How to complete this task -
From the entries below, print exactly the span beginning with the line holding "8- Coat inside" and ending with the line holding "Penobscot Nation Elder", endpoints included, and skip any pictures.

Data shown -
+===+
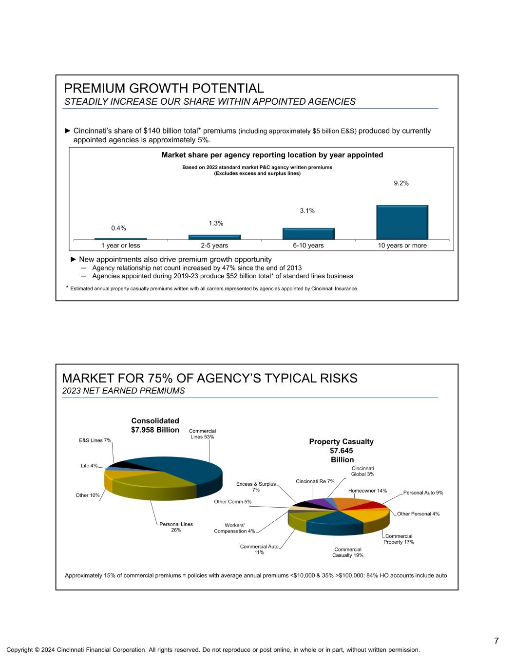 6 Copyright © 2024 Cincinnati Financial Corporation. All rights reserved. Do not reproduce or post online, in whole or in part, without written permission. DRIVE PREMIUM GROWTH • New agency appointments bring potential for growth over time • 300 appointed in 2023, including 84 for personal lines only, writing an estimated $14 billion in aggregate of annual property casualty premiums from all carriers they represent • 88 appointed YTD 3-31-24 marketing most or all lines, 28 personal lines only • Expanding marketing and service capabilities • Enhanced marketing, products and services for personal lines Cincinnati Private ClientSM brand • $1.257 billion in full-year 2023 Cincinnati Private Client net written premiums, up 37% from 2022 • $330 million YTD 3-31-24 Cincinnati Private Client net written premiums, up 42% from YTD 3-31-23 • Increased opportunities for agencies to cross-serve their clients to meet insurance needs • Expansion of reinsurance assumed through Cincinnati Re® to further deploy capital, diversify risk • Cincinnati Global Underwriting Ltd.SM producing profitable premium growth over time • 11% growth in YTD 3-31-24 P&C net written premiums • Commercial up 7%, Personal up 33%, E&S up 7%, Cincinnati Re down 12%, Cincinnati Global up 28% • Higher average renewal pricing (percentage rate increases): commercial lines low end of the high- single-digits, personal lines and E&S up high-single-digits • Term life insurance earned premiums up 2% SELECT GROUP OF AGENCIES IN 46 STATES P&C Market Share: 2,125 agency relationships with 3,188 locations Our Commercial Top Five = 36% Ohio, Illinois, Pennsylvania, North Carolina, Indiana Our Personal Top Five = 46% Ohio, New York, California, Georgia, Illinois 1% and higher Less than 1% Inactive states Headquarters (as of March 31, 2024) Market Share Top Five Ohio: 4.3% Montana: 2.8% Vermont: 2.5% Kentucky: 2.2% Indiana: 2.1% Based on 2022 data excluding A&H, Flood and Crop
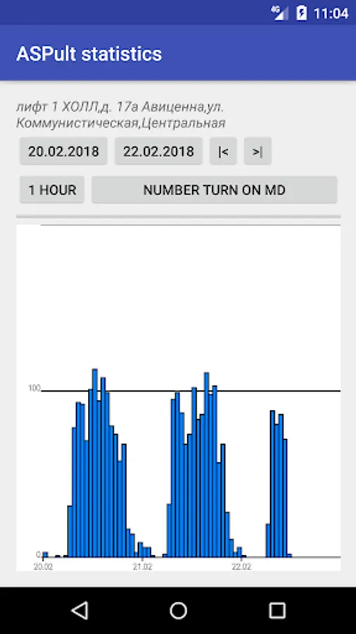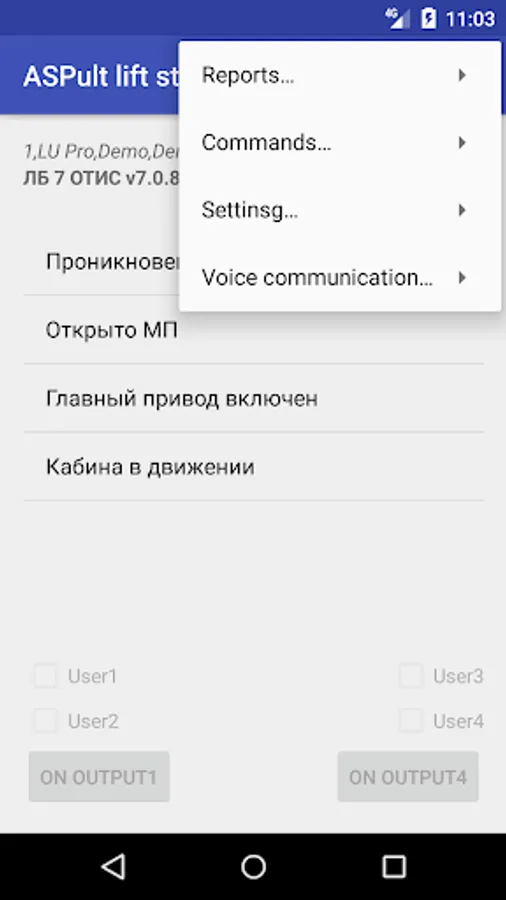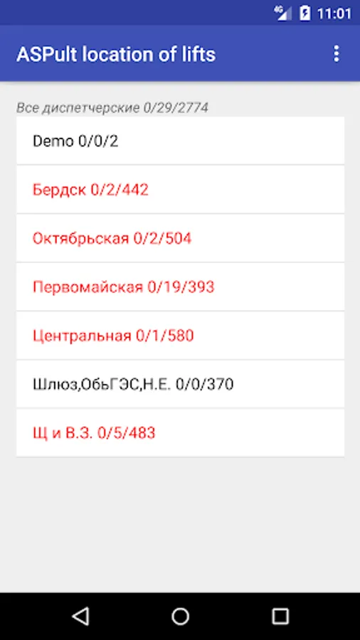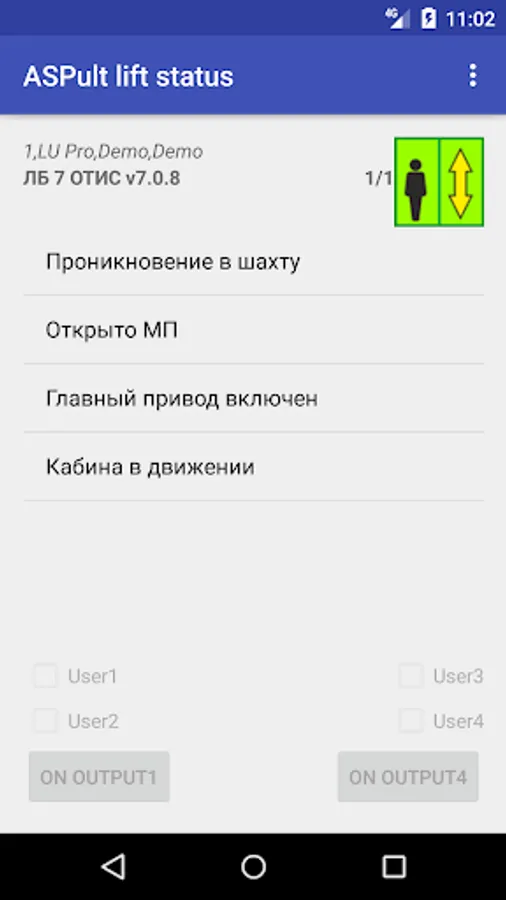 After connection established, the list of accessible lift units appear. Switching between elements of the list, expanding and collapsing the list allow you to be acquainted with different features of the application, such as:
+===+
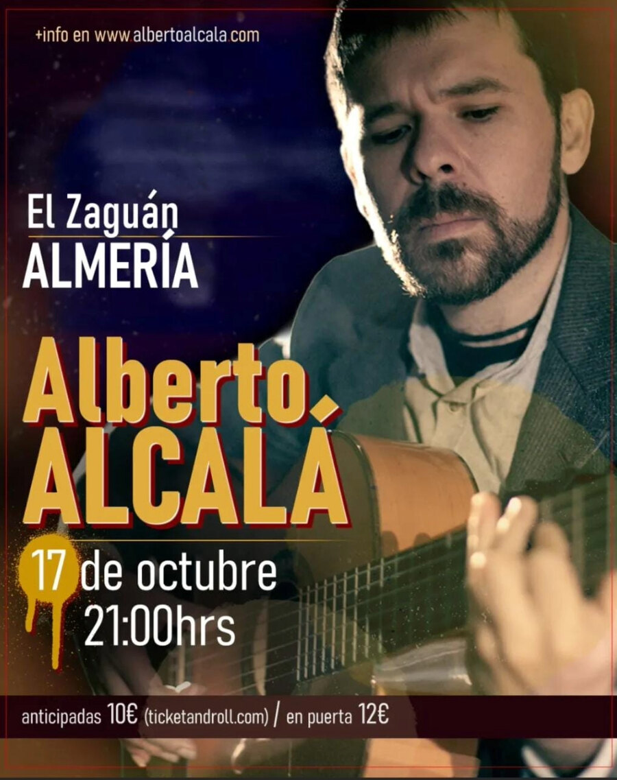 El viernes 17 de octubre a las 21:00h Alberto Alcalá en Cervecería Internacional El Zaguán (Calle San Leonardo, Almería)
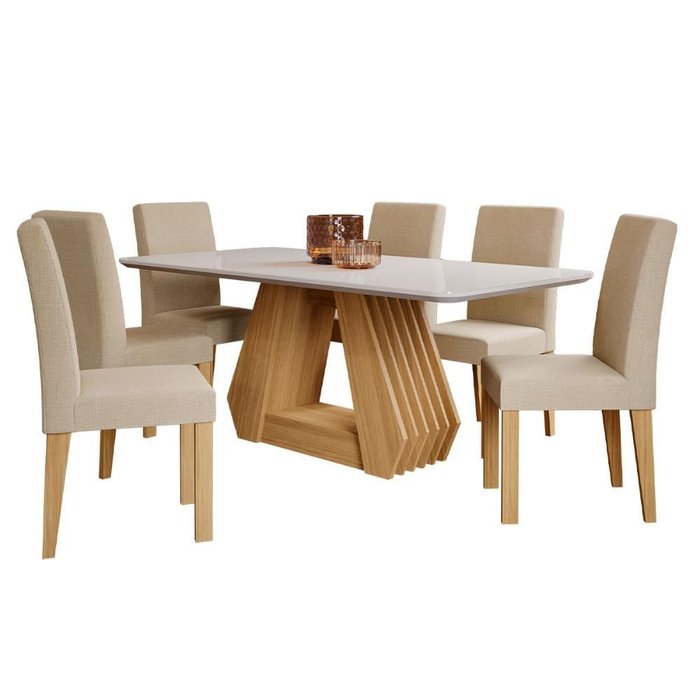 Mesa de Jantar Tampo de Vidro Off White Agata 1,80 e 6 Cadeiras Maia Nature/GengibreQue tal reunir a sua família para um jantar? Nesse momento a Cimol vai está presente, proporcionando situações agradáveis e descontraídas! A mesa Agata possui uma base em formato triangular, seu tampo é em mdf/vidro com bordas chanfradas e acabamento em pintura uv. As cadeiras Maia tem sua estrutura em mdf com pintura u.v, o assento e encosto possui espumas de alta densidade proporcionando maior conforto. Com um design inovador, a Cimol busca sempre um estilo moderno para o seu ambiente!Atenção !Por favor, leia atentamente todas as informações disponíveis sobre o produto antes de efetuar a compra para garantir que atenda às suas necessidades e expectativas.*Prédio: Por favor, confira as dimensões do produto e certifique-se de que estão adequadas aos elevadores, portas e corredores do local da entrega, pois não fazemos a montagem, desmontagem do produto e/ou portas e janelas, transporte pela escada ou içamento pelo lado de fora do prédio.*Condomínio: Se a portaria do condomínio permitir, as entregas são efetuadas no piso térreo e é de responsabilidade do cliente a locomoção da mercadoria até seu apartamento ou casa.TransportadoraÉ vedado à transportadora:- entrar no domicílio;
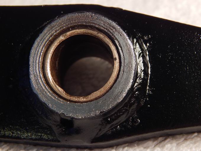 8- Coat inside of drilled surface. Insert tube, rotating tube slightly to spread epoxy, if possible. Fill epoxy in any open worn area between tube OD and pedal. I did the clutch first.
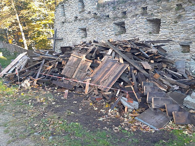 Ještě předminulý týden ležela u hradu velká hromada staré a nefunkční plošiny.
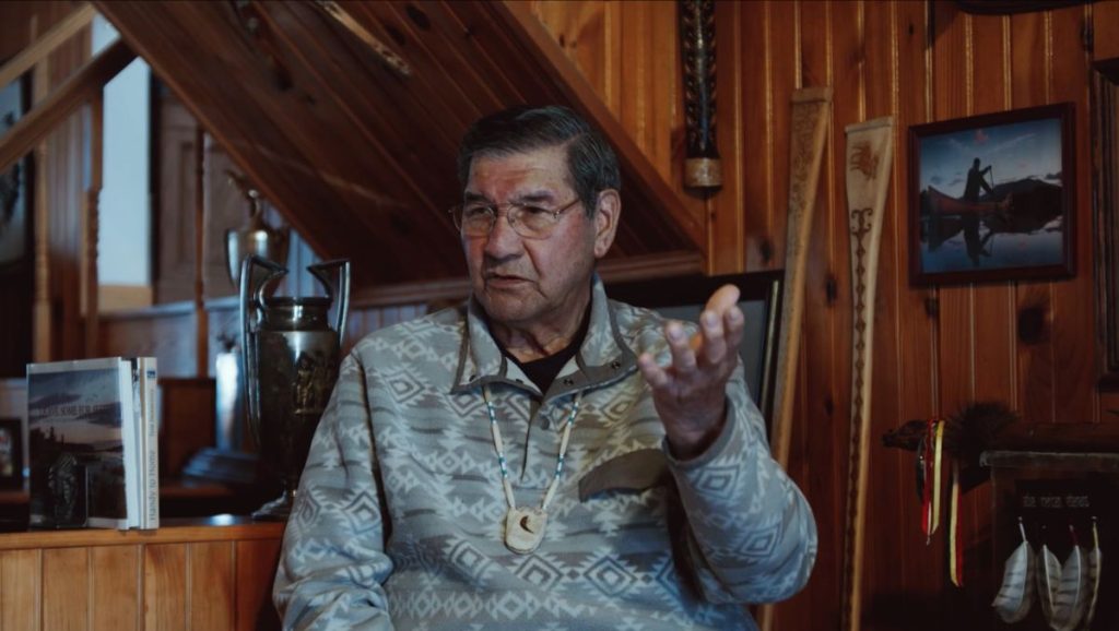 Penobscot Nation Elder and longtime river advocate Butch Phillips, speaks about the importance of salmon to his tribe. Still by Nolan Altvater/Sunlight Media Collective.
+===+
Output of the exercise -
 8- Coat inside of drilled surface. Insert tube, rotating tube slightly to spread epoxy, if possible. Fill epoxy in any open worn area between tube OD and pedal. I did the clutch first.
 Ještě předminulý týden ležela u hradu velká hromada staré a nefunkční plošiny.
 Penobscot Nation Elder and longtime river advocate Butch Phillips, speaks about the importance of salmon to his tribe. Still by Nolan Altvater/Sunlight Media Collective.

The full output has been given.